-
Notifications
You must be signed in to change notification settings - Fork 36
Description
Hi, I'm hoping someone will be able to help us resolve a memory issue with TileDB-Py...
When running a large number of queries against a TileDB dense array, we are seeing an accumulation of memory usage. This can run into several GBs and eventually causes an out of memory error.
It seems periodically re-instantiating the TileDB context object leads to controlled memory usage - this suggests memory is held by the context object and correctly released when the context object is garbage collected. Unfortunately, adding this logic to periodically re-instantiate the TileDB context object isn't a practical solution for our more complex scripts (i.e. with multiple open arrays in PyTorch Datasets, requirement to track the number of queries when re-instantiating the context etc.), so we're hoping we can resolve this issue.
This occurs even when sm.tile_cache_size is set to 0.
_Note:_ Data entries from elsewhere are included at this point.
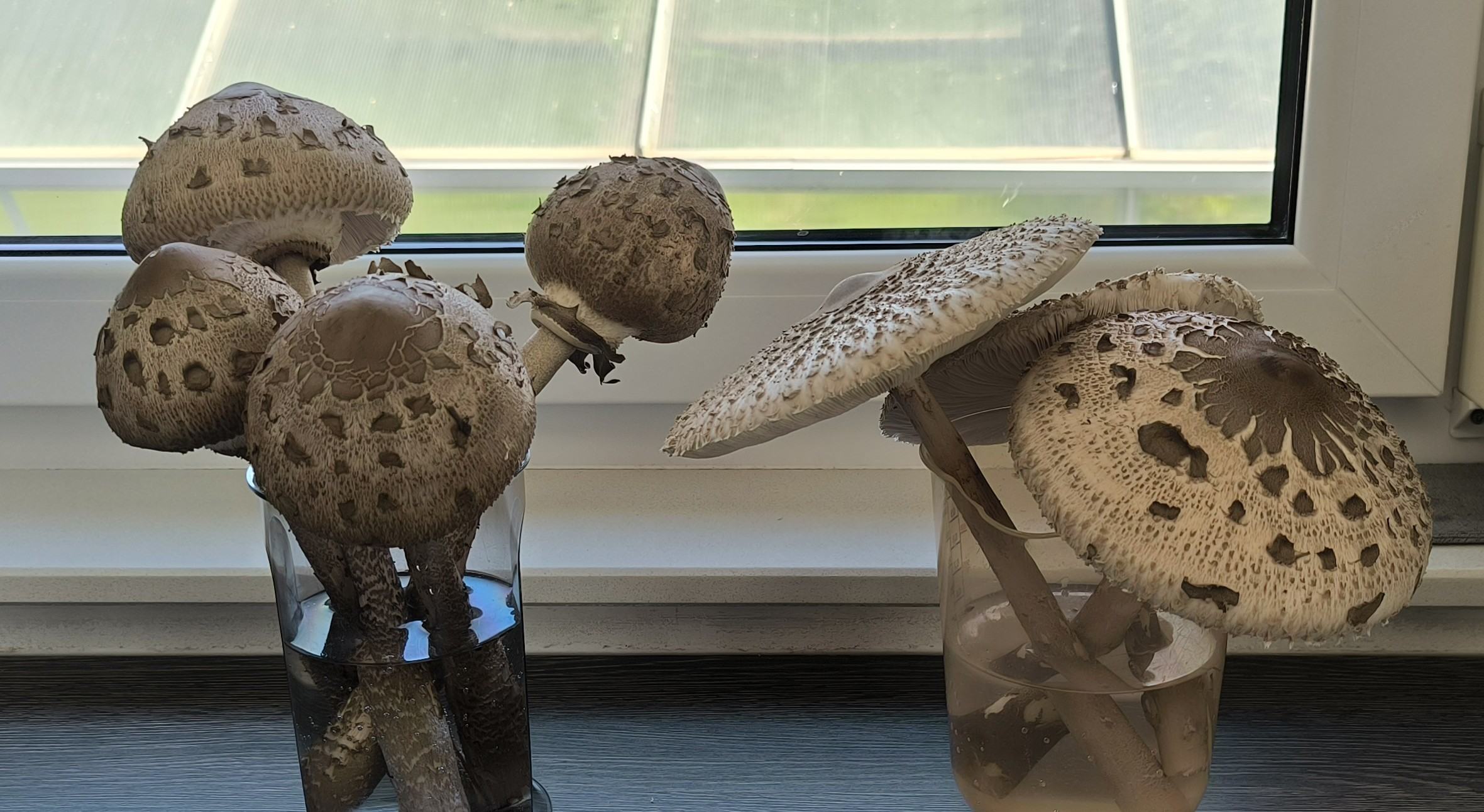 Heute Vormittag Kontrollrunde durch den Wald (zwecks Kupferstecher) und wurde dabei plötzlich und überraschend von diesen Parasolen (Riesenschirmlingen) angesprungen.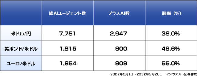 それぞれの勝率(「エージェント」総数と2月中成績がプラスだった「エージェント」の割合)を見てみると、米ドル/円は前月比-27.1%、英ポンド/米ドルは前月比+13.5%、ユーロ/米ドルは前月比-5%。米ドル/円は大きくダウンしました。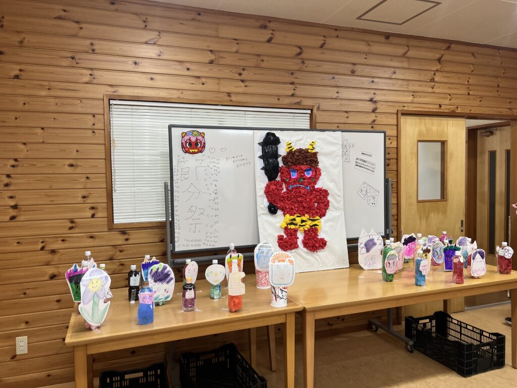 事前に用意したのは、花紙で作った大きな鬼のボードと鬼のお面がついたペットボトル。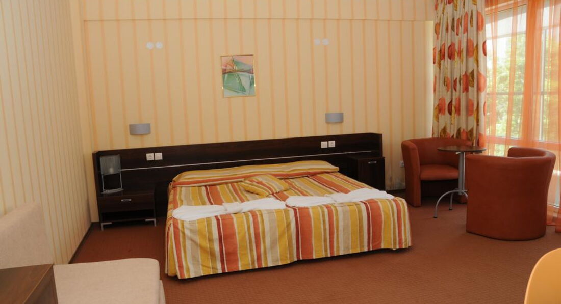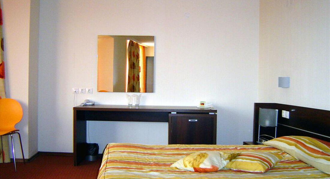 Теперь о сервисе. Вообщем сервис ненавязчивый. На рецепшэн нам всегда улыбались, здоровались,можно взять утюг (бесплатно),попросила пробку в ванную принесли на следующий день. В ресторане полный пофигизм: столики не убирались, кофе-автомат не пополнялся ну и т.д. надо было всегда одернуть за руку. Еда такая же как и везде вполне хватало на завтрак, однообразная (но так везде) В Болгарии не надо брать с питанием (но гостиница работает только на завтраках). Убирали нормально: туалет ванну мыли,полотенца меняли, пылесосили, зеркало не вымыли ни разу за 14 дней хотя я демонстративно оставила на нем разводы(пришлось самой), под кроватями тоже видимо не убирали.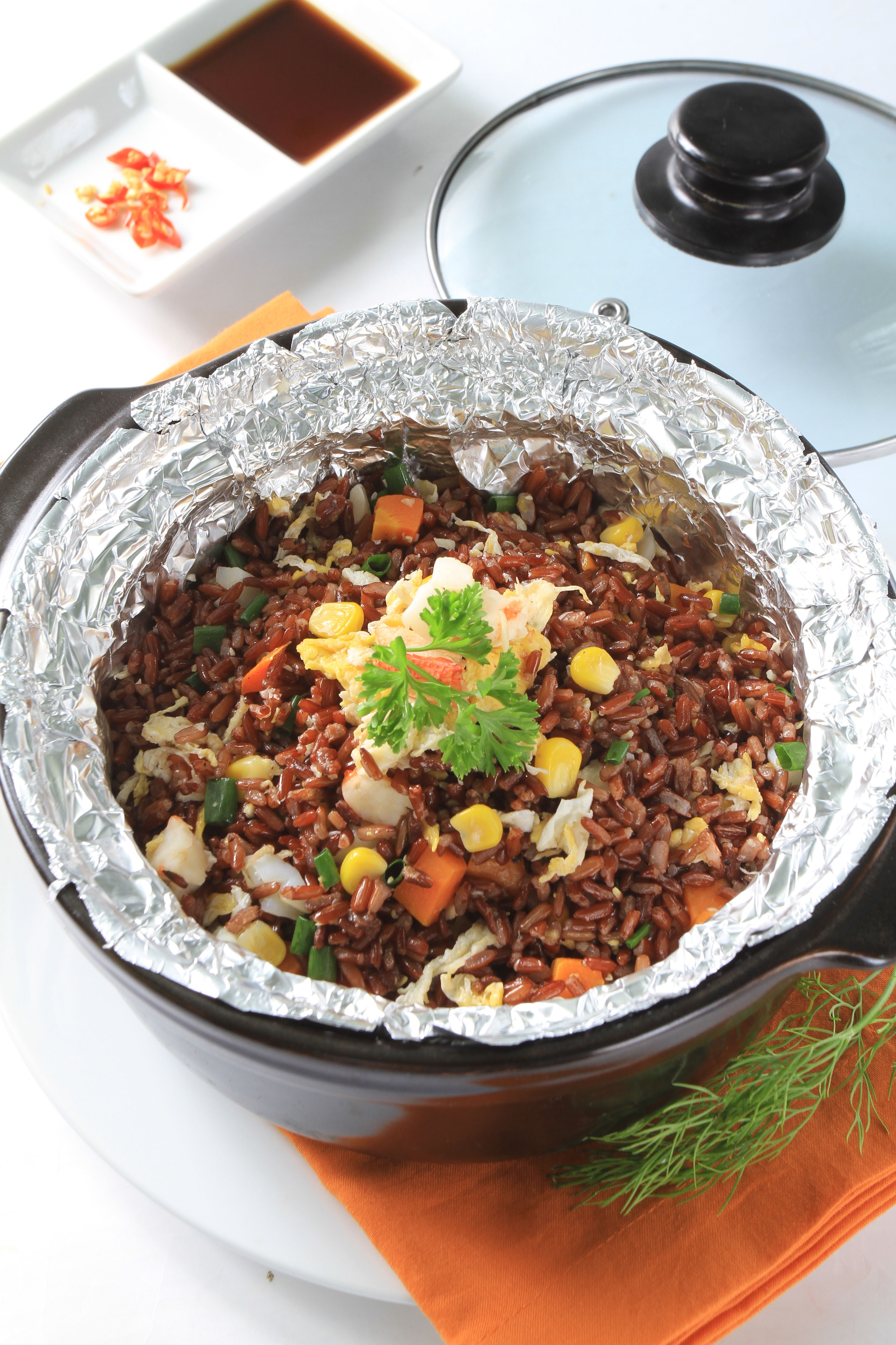 Cơm gạo lứt nướng thố ăn kèm với tương ớt.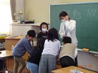 さて、今朝も集会から始まりました。校歌を高らかに歌い、支援のために兵庫県から来てくださっている「震災・学校支援チーム」の先生を紹介しました。先生からは、「素敵な校歌でした。みんなが元気でいられるように、がんばります」というお話をいただきました。先生には、登下校の同伴や授業の補助、教室の消毒などをしていただく予定です。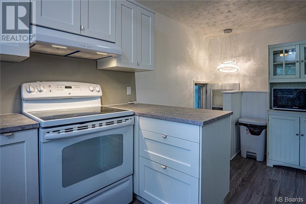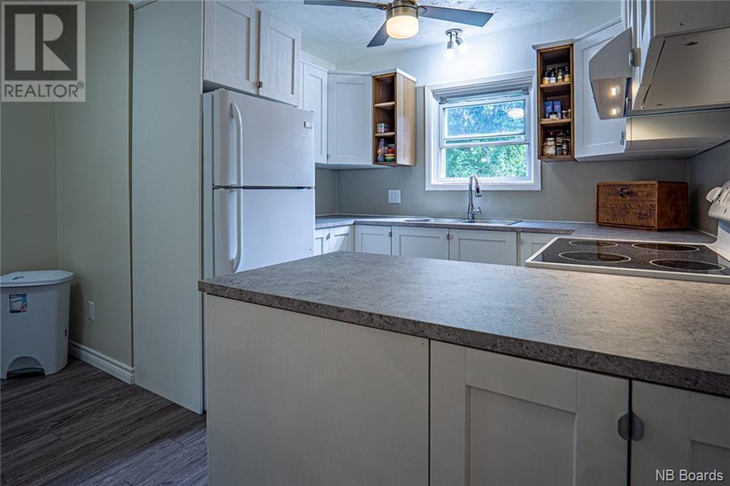 Beautiful renovated Bungalow located in the heart of Oromocto West. This house has had a huge makeover in the last year and is located within 5 mins walk to a daycare. Electrical panel was changed from fuse to breakers in 2021, Plumbing updated from copper to Pex 2023 New roof in 2021, siding 2023, flooring changed through out main floor 2023, Brand New Kitchen that just got installed, new paint on main floor, light fixtures and so much more. This 3 bedrooms 1 and a half bathroom is inviting and so much bigger then it looks. Enter into the living room where you can find a closet for storage and a beautiful bay window bringing tons of natural light. Walk past the living room to find the dinning room, this room used to be a bedroom and could potentially be turned back. Left into the hallway where you can find 2 bedrooms at the end of the hallway and the bathroom midway. Walk back towards the front of the house to find this gorgeous kitchen. Go Down the stairs toward the semi finished basement where the bathroom which also got renovated. The Remainder of the basement is ready for your imagination and creative spirit. Laundry room is also in the basement as has a soaker sink. Bedroom in basement is not Egress. Through the side door is a gigantic attached storage perfect for all your outdoor sport equipment or to have your own work shop. Measurements to be verified by buyer. (id:22211)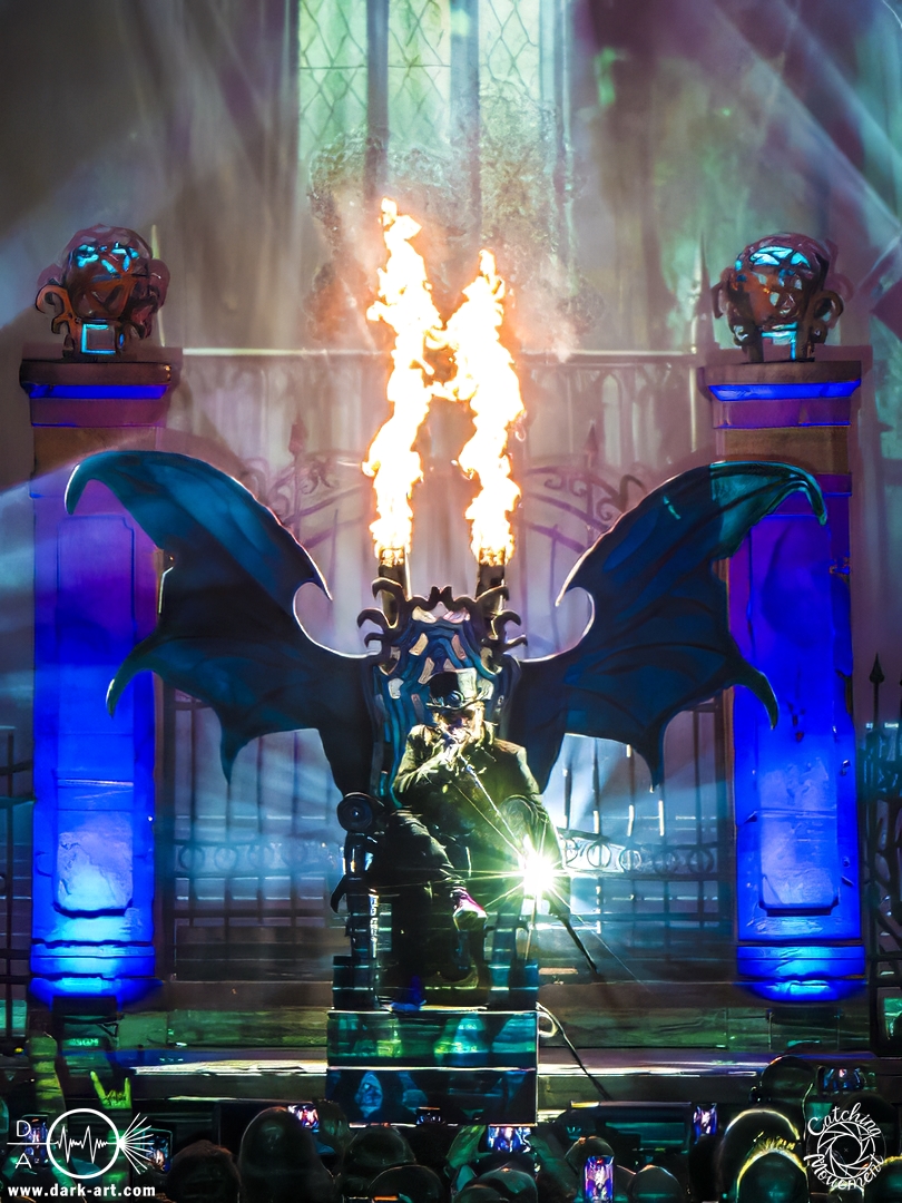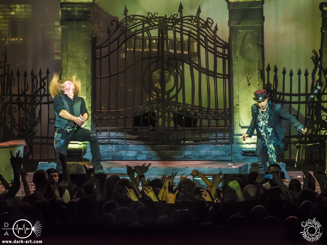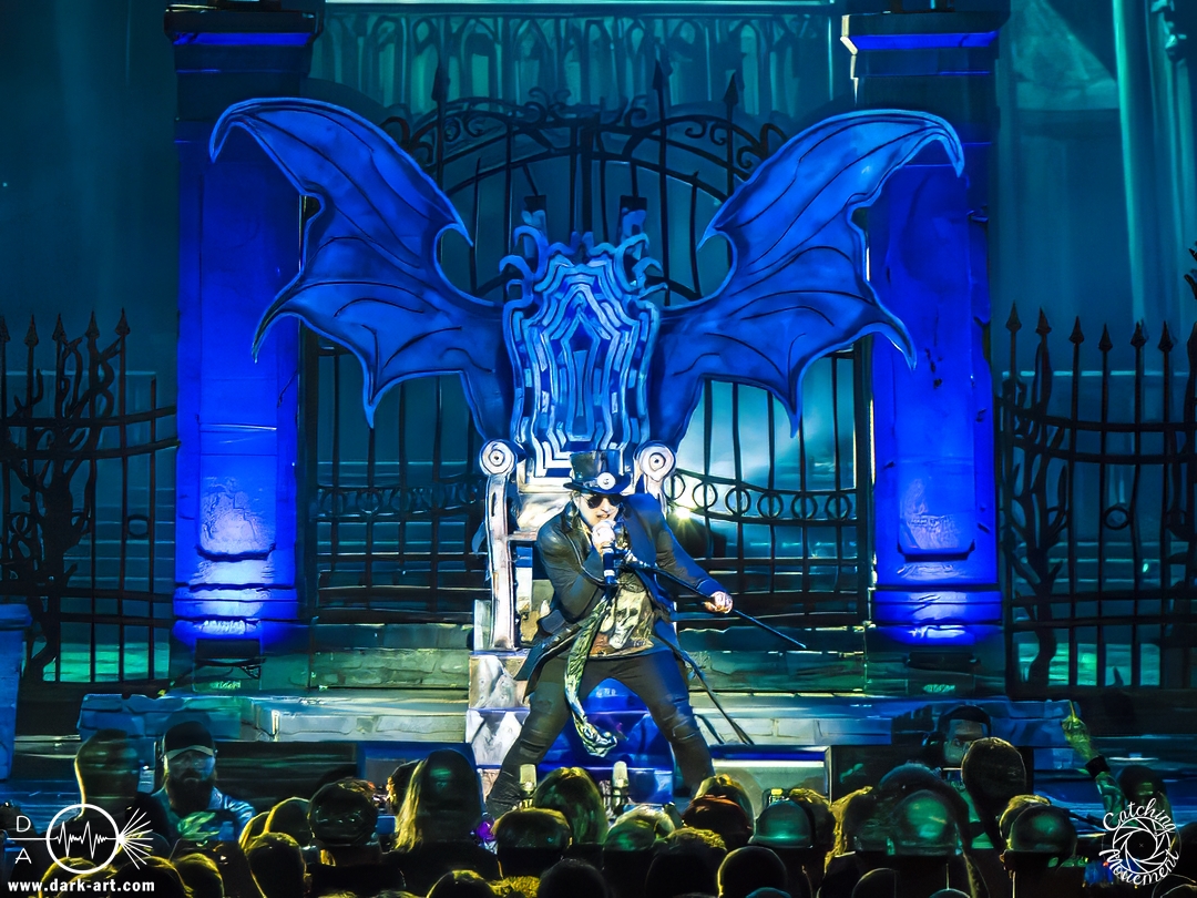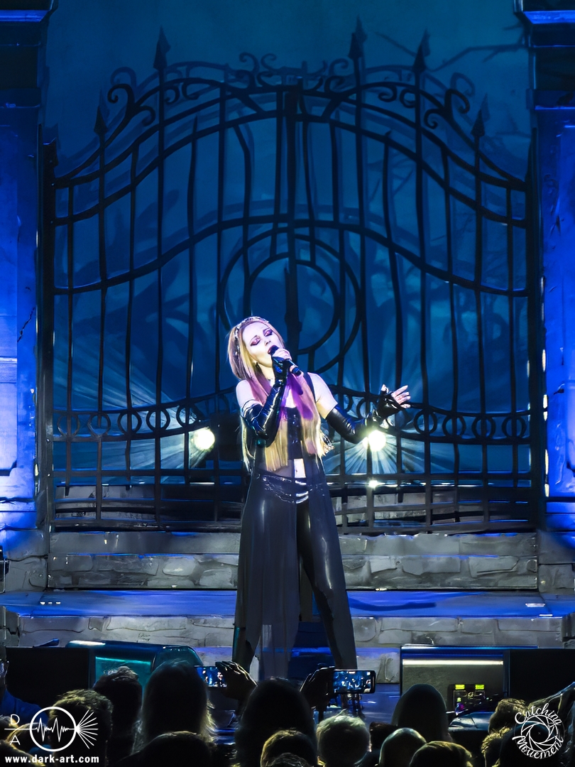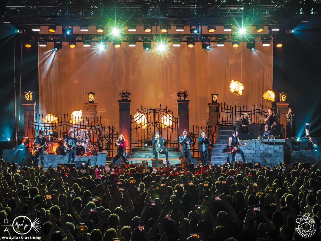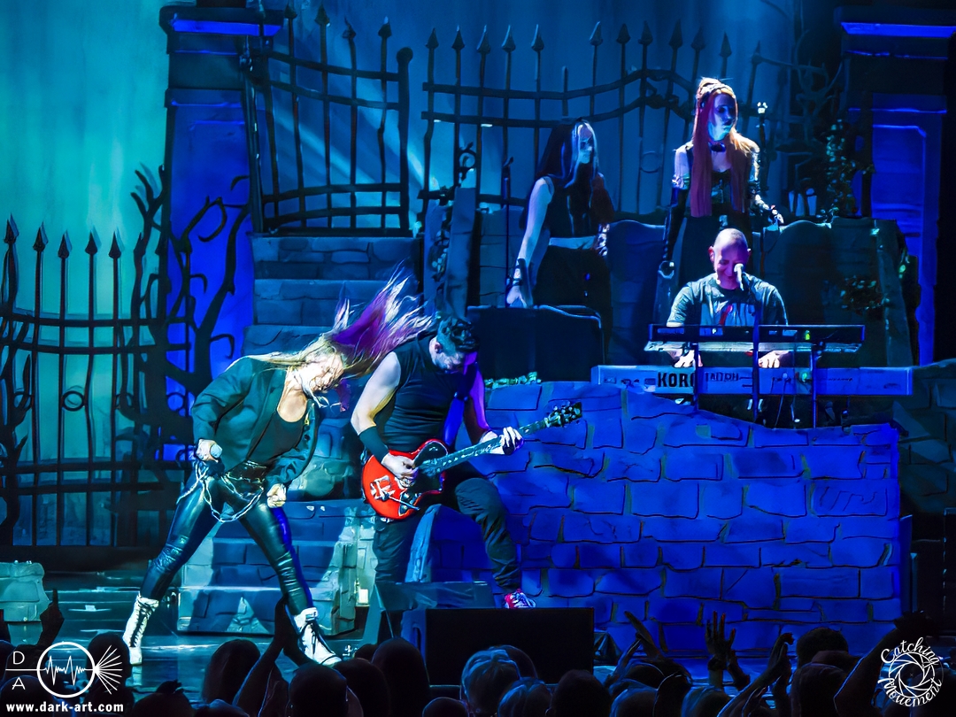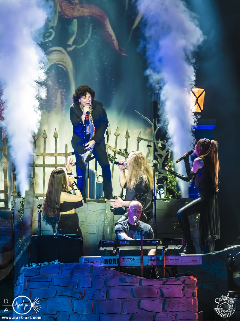 Wir schrieben den Abend des 5. April 2025. Avantasia hatte beschlossen, die Jahrhunderthalle in Frankfurt zu erobern. Und da es nicht zum Konzept einer Metal Opera gepasst hätte, natürlich ohne Vorband, was aber zweieinhalb Stunden später, nach der Show in der fast ausverkauften Jahrhunderthalle, niemanden störte. Als um viertel vor 8 mit einem lauten Knall der Vorhang fiel, wurden die Fans von einem Friedhof begrüßt und die Show begann. Eingeleitet durch das Lied, welches zu der Zeit in den Rock-Radios hoch und runtergespielt wurde: Creepshow, welches auch das erste Lied vom neuen Album ist. Die Fans wurden gleich mitgerissen und Tobias und die anderen Musiker zeigten, was sie drauf hatten. Gleich beim zweiten Lied, Reach Out for the Light, trat Adrienne Cowan, zuvor auf einer Erhöhung hinter dem Keyboarder positioniert, in den Vordergrund, um ihre Backing Vocals durch Lead Vocals zu ersetzen. Dabei ließ sie jeden vergessen, dass das Lied ursprünglich für Michael Kiske von Helloween geschrieben wurde und stahl sogar Tobias die Show. Dieser war sich dabei aber nicht zu schade, um für die anwesenden Fotografen zu posen. Sobald Adrienne ihren Platz wieder eingenommen hatte, betrat schon der nächste Hochkaräter die Bühne, um neben Tobias zu brillieren: Tommy Karevik von Kamelot. Passend zu The Witch natürlich mit Kapuze, um dem Lied auch visuell den passenden Touch zu geben. Und auch er zeigte, was er konnte. Man konnte zu dem Zeitpunkt schon merken, dass die Show bereits ein paar Konzerte hinter sich hatte und einfach perfekt eingespielt war. Danach war für die Fotografen im Graben Schluss; etwas, was Tobias freudig kommentierte, bevor er den nächsten Leadsänger an seine Seite holte. Wie zuvor Adrienne, kam auch Herbie Langhans von der Erhöhung runter, um gemeinsam mit Tobias das nächste Lied zu singen, namentlich Devil in the Belfry. Bis einschließlich Let the Storm Descend Upon You gaben sich die Sänger und Adrienne quasi die Klinke in die Hand, es folgten noch Ronnie Atkins der Pretty Maids0, Eric Martin von der mittlerweile aufgelösten Band Mr. Big und Kenny Leckremo von H.E.A.T. Eric Martin durfte auch die Legende Klaus Meine bei Dying for an Angel vertreten. Damit war auch bereits die Hälfte der Show erreicht; zumindest, was die Anzahl der Lieder anging. Bis dahin herrschte bereits eine grandiose Stimmung und die Künstler zeigten alle ihr Können. Aber auch die LED-Leinwand im Hintergrund trug zur Atmosphäre bei, indem passendes Bildmaterial zu den entsprechenden Songs gezeigt wurde.

This may be related to #150 or #440.
Please see a reproducible example below.
Thanks everyone for your help!
Python version:
Python 3.10.12
Python environment:
numpy==2.2.5
packaging==25.0
psutil==7.0.0
tiledb==0.34.0
Create a test array:
import numpy as np
import tiledb
import os
import psutil
import datetime
x = np.ones(10000000)
ctx = tiledb.default_ctx({"sm.tile_cache_size": 0, "sm.io_concurrency_level": 1, "sm.compute_concurrency_level": 1})
path = 'test_tile_db'
d1 = tiledb.Dim(
'test_domain', domain=(0, x.shape[0] - 1), tile=10000, dtype="uint32"
)
domain = tiledb.Domain(d1)
v = tiledb.Attr(
'test_value',
dtype="float32",
)
schema = tiledb.ArraySchema(
domain=domain, attrs=(v,), cell_order="row-major", tile_order="row-major"
)
A = tiledb.DenseArray.create(path, schema)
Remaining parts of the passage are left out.